#### WHAT NEEDS TO BE DONE
In the entries below, find the line containing "Experience Relaxation: Enjoy" and the line containing "Plate 43 from". Copy those two lines and everything between them exactly, without the pictures.

#### MATERIAL FOR THIS EXERCISE
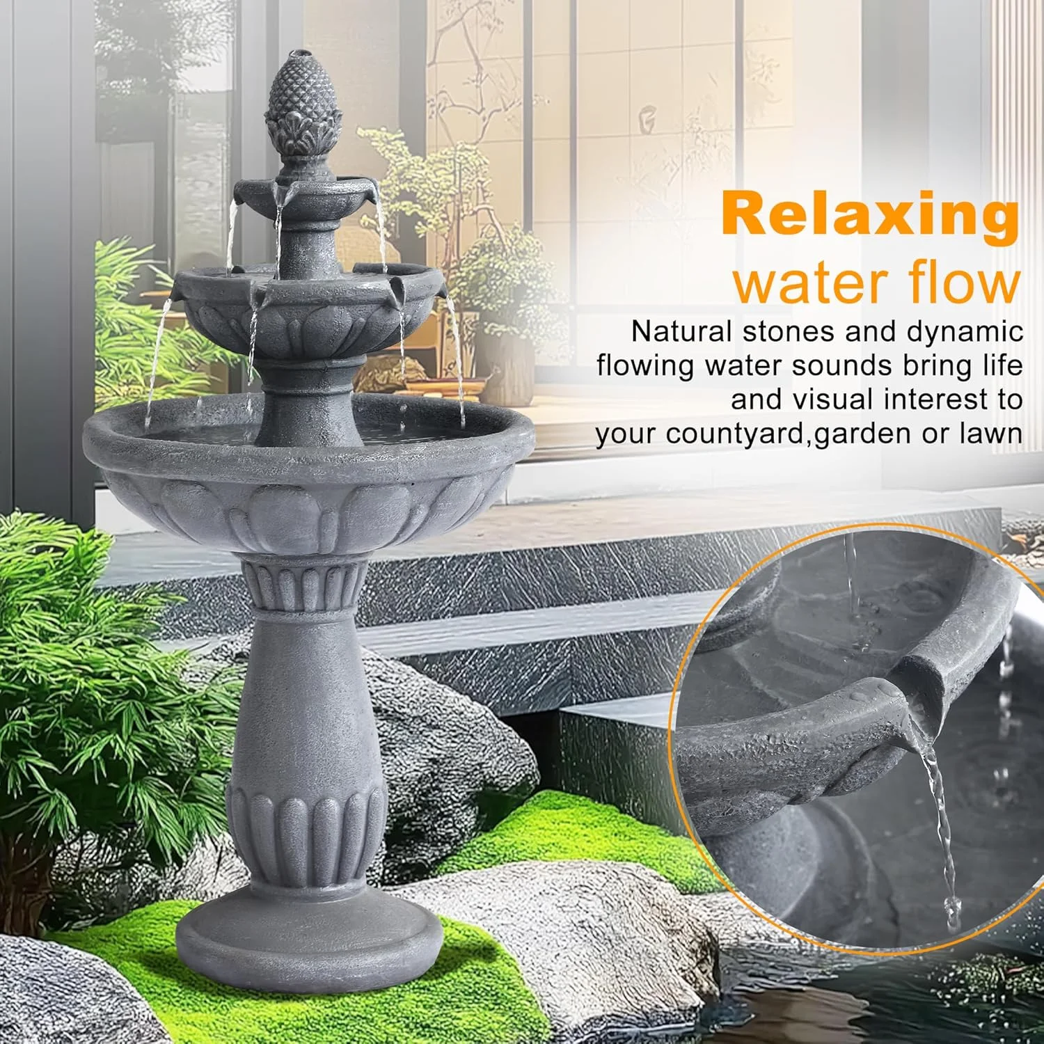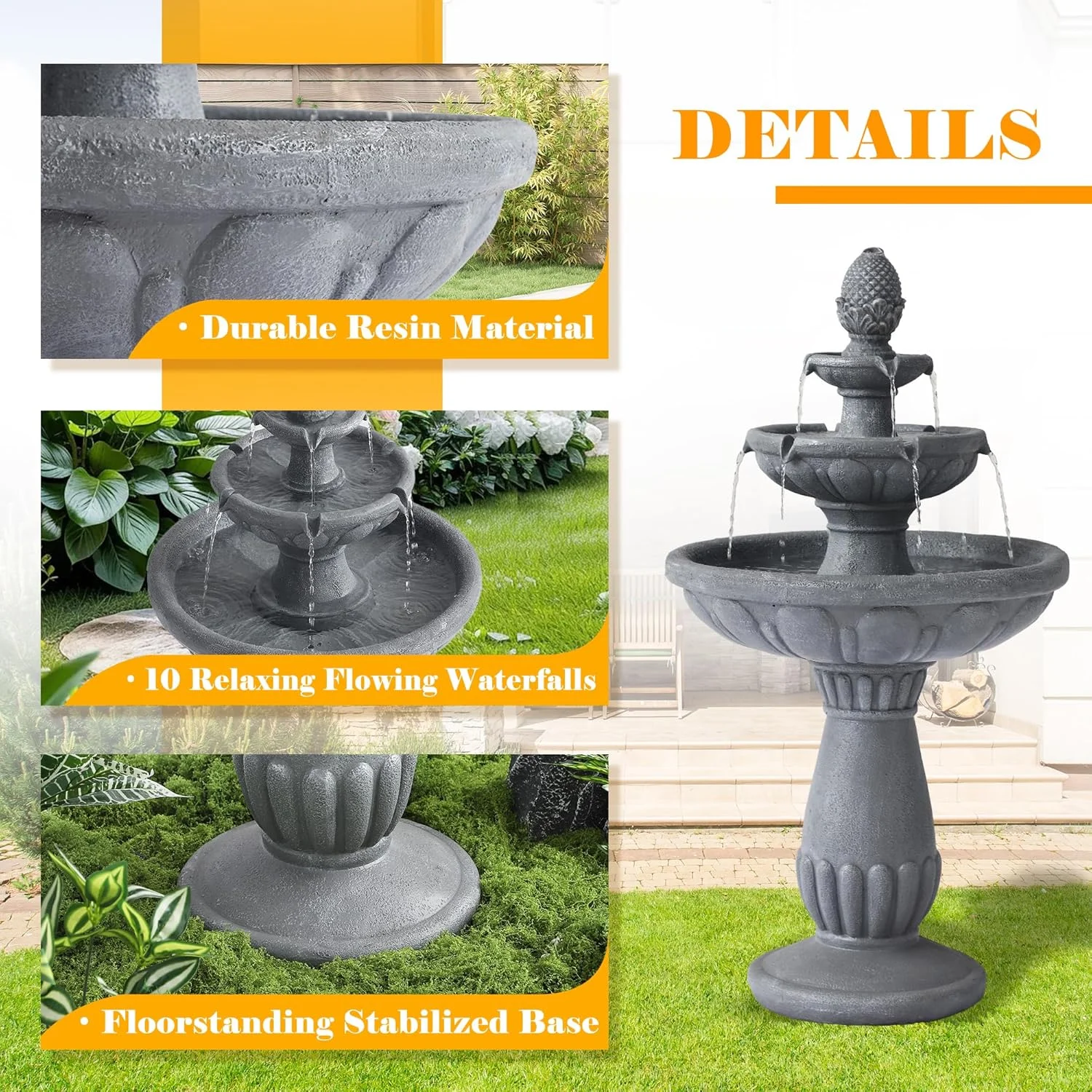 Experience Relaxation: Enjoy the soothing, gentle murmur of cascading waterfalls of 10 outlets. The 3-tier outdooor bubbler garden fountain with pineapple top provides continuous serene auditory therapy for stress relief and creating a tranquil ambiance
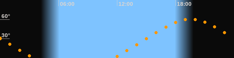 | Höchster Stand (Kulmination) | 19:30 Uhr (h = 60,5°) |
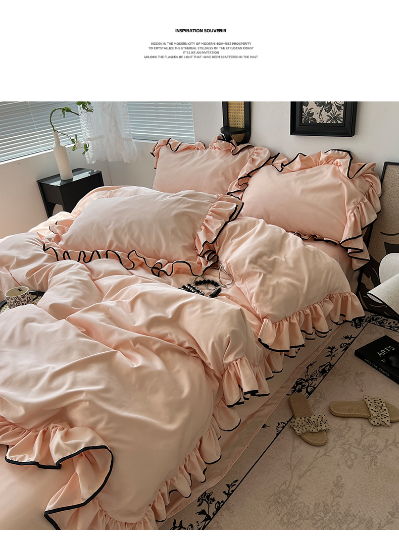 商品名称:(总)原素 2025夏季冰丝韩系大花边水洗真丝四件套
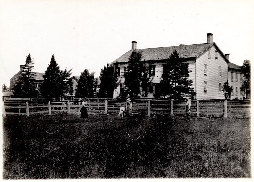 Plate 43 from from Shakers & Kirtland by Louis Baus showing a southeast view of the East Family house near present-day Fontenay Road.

...

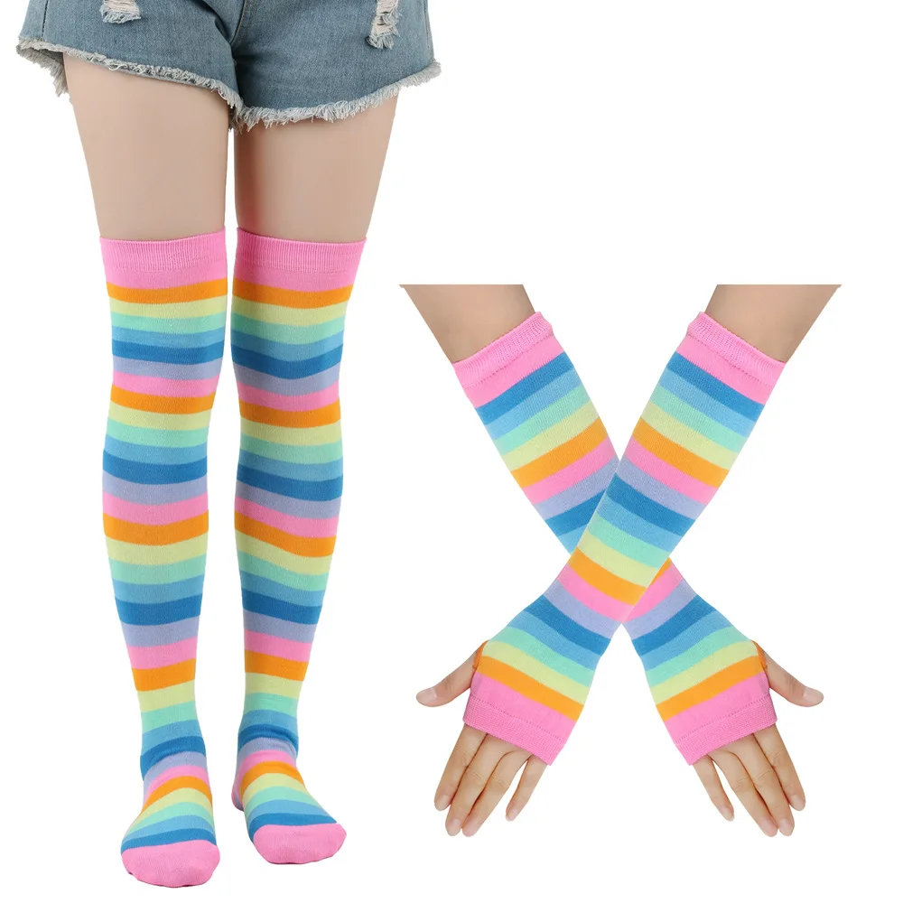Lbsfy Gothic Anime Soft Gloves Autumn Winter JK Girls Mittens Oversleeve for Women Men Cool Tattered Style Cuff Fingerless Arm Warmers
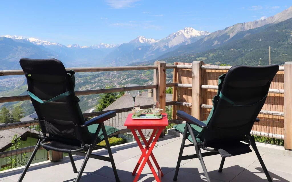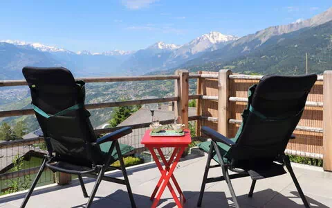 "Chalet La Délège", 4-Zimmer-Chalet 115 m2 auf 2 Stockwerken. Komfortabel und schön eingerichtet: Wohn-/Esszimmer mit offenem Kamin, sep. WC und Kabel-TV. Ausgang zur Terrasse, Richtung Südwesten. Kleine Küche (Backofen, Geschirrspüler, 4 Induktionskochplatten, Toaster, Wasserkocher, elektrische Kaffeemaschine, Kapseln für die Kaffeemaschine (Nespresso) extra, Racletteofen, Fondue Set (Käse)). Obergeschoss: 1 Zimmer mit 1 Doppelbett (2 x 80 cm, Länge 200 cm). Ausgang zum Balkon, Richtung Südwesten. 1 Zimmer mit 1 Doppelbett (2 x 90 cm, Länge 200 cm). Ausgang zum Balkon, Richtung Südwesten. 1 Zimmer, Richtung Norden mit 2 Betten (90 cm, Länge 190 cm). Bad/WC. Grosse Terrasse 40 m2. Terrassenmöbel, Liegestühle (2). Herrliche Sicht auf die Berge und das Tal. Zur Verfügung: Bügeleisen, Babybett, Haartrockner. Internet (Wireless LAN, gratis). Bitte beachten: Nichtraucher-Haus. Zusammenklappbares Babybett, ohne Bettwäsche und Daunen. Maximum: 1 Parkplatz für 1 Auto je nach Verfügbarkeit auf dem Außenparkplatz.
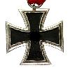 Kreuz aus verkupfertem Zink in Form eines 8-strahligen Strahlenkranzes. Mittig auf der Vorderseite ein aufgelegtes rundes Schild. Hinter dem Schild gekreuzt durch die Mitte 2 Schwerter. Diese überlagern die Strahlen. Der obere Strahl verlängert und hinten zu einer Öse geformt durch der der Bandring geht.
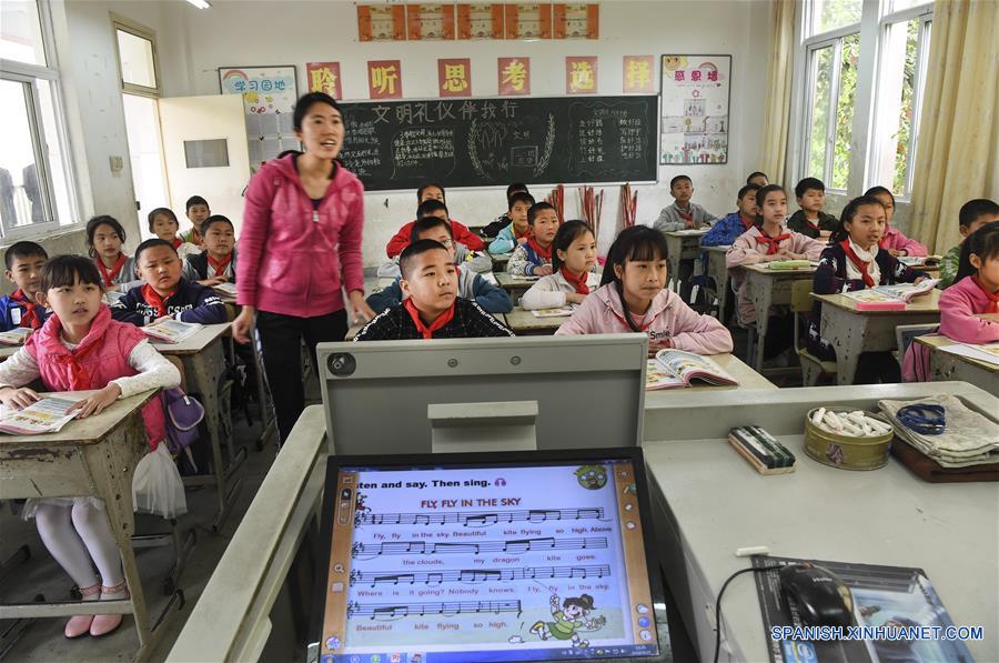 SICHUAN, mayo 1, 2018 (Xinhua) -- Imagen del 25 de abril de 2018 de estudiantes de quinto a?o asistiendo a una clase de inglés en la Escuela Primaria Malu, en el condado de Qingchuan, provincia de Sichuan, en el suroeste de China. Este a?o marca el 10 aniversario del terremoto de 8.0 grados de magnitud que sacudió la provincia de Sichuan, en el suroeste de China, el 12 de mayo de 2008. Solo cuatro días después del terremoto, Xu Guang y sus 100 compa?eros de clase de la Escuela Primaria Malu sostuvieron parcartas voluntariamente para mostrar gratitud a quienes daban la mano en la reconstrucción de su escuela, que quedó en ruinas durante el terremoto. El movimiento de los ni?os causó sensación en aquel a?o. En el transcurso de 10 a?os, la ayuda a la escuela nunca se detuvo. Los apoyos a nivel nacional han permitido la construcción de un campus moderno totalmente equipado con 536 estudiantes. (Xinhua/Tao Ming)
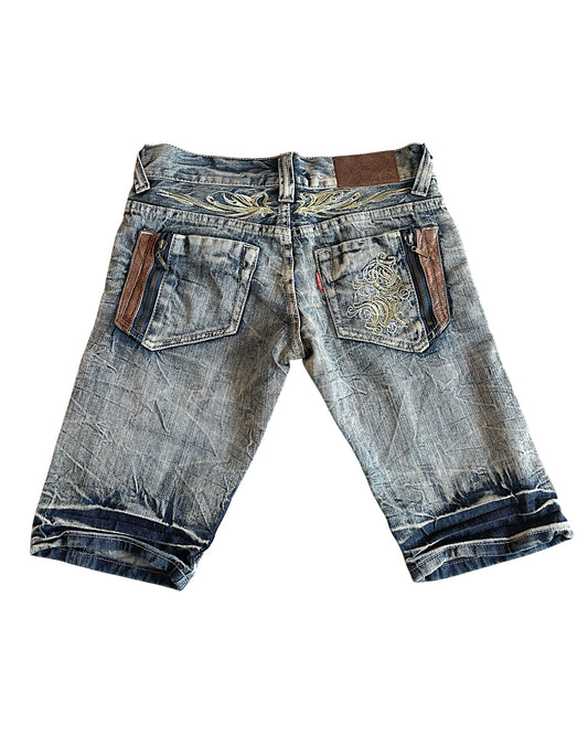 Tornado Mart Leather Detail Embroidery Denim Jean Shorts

#### RESPONSE BOX
 Experience Relaxation: Enjoy the soothing, gentle murmur of cascading waterfalls of 10 outlets. The 3-tier outdooor bubbler garden fountain with pineapple top provides continuous serene auditory therapy for stress relief and creating a tranquil ambiance
 | Höchster Stand (Kulmination) | 19:30 Uhr (h = 60,5°) |
 商品名称:(总)原素 2025夏季冰丝韩系大花边水洗真丝四件套
 Plate 43 from from Shakers & Kirtland by Louis Baus showing a southeast view of the East Family house near present-day Fontenay Road.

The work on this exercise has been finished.